= Bandala Valley =

Valley in Pakistan–administered Kashmir

Bandala is a valley located about 28 kilometres from Bhimber in Pakistan-administered Kashmir. The valley stretches from the Tawi River in the east to the Samahni Valley in the west. The Reech Pahari (Bear Mountain) runs parallel on the northern side and the Baghsar Mountain on the southern side. The valley is about 15 km long and about 1.5 kilometres wide.

Bandala joins the Samahni Valley at Sara e Saadabad and Chitti Mitti; further east are Pandori and Nali villages, the last villages before the Line of Control. Many streams flow through the valley, producing cascades, rapids, falls and natural swimming pools. These pools are popular among local youths not only for swimming but also for fishing. The fertile land and mild climate produce a variety of crops and trees, especially mango trees. Farming is still the major source of staple food for the area; wheat and corn are grown annually. The high literacy rate has improved the overall living standards of the people. Many local people work for the government or have taken employment overseas, especially in the Middle East and Europe. Therefore, dependence on farming for living has greatly reduced, but people still cultivate the land for food for their own use.

The weather is cold from October to March, sometimes falling below zero. From April onwards it remains mild until May. During June, July and August it becomes warmer, with temperatures reaching 35°C.

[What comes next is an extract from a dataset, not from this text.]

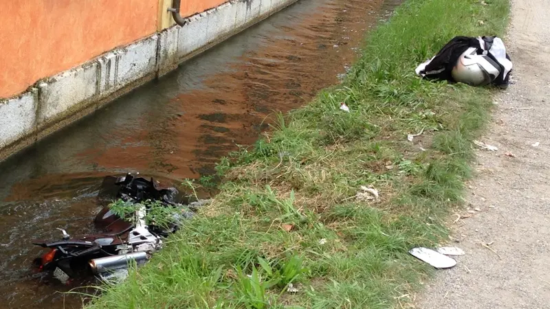 Incidente venerdì nel primo pomeriggio a Rezzato in via Treponti. Subito dopo la prima rotonda, un'auto e una moto si sono scontrate. Ad avere la peggio il centauro che per l'impatto è stato sbalzato dalla sella delle due ruote finendo nella roggia che corre parallela alla strada.

Many birds and animals are found in the valley, including peacocks, partridges, quail, falcons and eagles. The enclosing Reech Pahari serves as a sanctuary for many animal species, including leopards, hyenas, wolves, jackals, foxes, pythons, monkeys and deer.
The valley is home to many hamlets, of which Bandi, Pind, Gurah, Piana, Parati, Kahawalian, Bagh Chagah Jandala and Penga are the best known.